Happy Birthday Cole Porter! In 1990, Red Hot + Blue, an AIDS benefit album was released featuring covers of Cole Porter's music by an electric array of performers accompanied by a TV special with music videos from the likes of Jim Jarmusch and Wim Wenders. Notable tracks include "Miss Otis Regets" by the Pogues and Kristy MacColl (video Neil Jordon) "Don't Fench Me In" by David Byrne "You Do Something To Me" by Sinéad O'Connor (video John Maybury) "Have You Evah" by Debbie Harry and Iggy Pop (video by Alex Cox) "From This Moment On" by Jimmy Somerville (video Steve mcclean) and "Ev'ry We Say Goodbye" by Annie Lennox (video by Ed Lachman)
posted by The Whelk (37 comments total) 30 users marked this as a favorite
♫ ♬ ♫ This was very important to 15 year old me ♫ ♬ ♫
posted by MCMikeNamara at 9:43 AM on June 9, 2016 [14 favorites]

I played the fuck out of this album. I can hear every version even now and I'm sure I haven't played it in a decade or more.
posted by Sophie1 at 9:44 AM on June 9, 2016 [5 favorites]

Ahhh, the U2 cover of "Night and Day."
posted by praemunire at 9:47 AM on June 9, 2016 [6 favorites]

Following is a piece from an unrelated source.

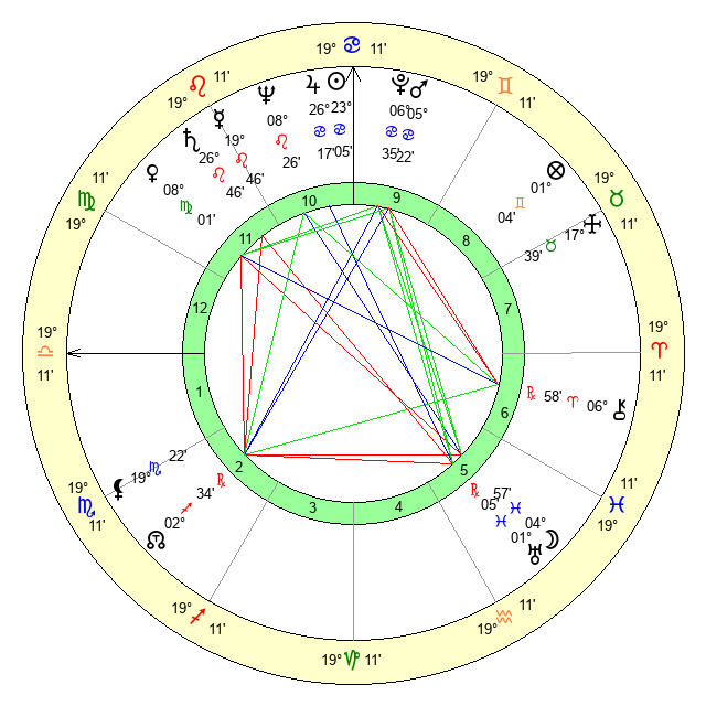 | Mars | 5 Cancer 22 | 17 Virgo 1 | 12 Virgo 20 |

Man, I am 13 years old again. It was such a good album and I didn't even know who Cole Porter was. (That all changed in high school when a closeted friend gave me a bunch of Truman Capote books and I read Answered Prayers.)
posted by Kitteh at 10:05 AM on June 9, 2016

How about Ernie Ford and Liberace's version of Night and Day?

Night and Day was supposedly written about The Alcazar in Cleveland, OH. Stayed there when I visited CWRU in the 80s, but it wasn't very lively at night or day.
posted by lagomorphius at 10:06 AM on June 9, 2016

kd lang's So in Love still makes me cry.

It's amazing to think how groundbreaking this album was. But it was.
posted by rtha at 10:17 AM on June 9, 2016 [7 favorites]

Nice post! I would only add Tom Waits doing an amazing primitivist It's Alright With Me (video by Jim Jarmusch). And of course, The Thompson Twins reminding us of the original context of -- and proper response to -- the question Who Wants to Be a Millionaire?
posted by ricochet biscuit at 10:21 AM on June 9, 2016 [4 favorites]

When I was in college I played piano accompaniment to a woman's senior project which was a one woman show of Porter songs. It was my first exposure to Cole Porter and his musical brilliance, and it left a deep mark on me.

Fast forward a few years. I'd figured out my sexuality, had come out as a rather militant confrontational queer, and then Red Hot + Blue was released. MIND WAS BLOWN. There is so much to love about this album, with a few missteps. But, to be honest, even those missteps have become golden as the decades have passed.

It took until 2006 before the VHS video album was finally released on DVD, something I thought was a crime because it was such an amazing thing to own back in the day. I'd put it on during parties as video/audio spackle and it was always received well.

This album introduced me to a lot of artists that I completely did not know in 1990. It also had some very VERY pointed videos: Erasure's Too Darn Hot was a real standout and call to action during those heady days of people dying literally every day from HIV complications.

And then, there is my utter favorite (so hard to choose from these tracks, because SO MUCH AWESOME)... kd lang's utterly heartrending interpretation of So In Love. So powerful, just musically, but you add in the video, and holy fucking wow.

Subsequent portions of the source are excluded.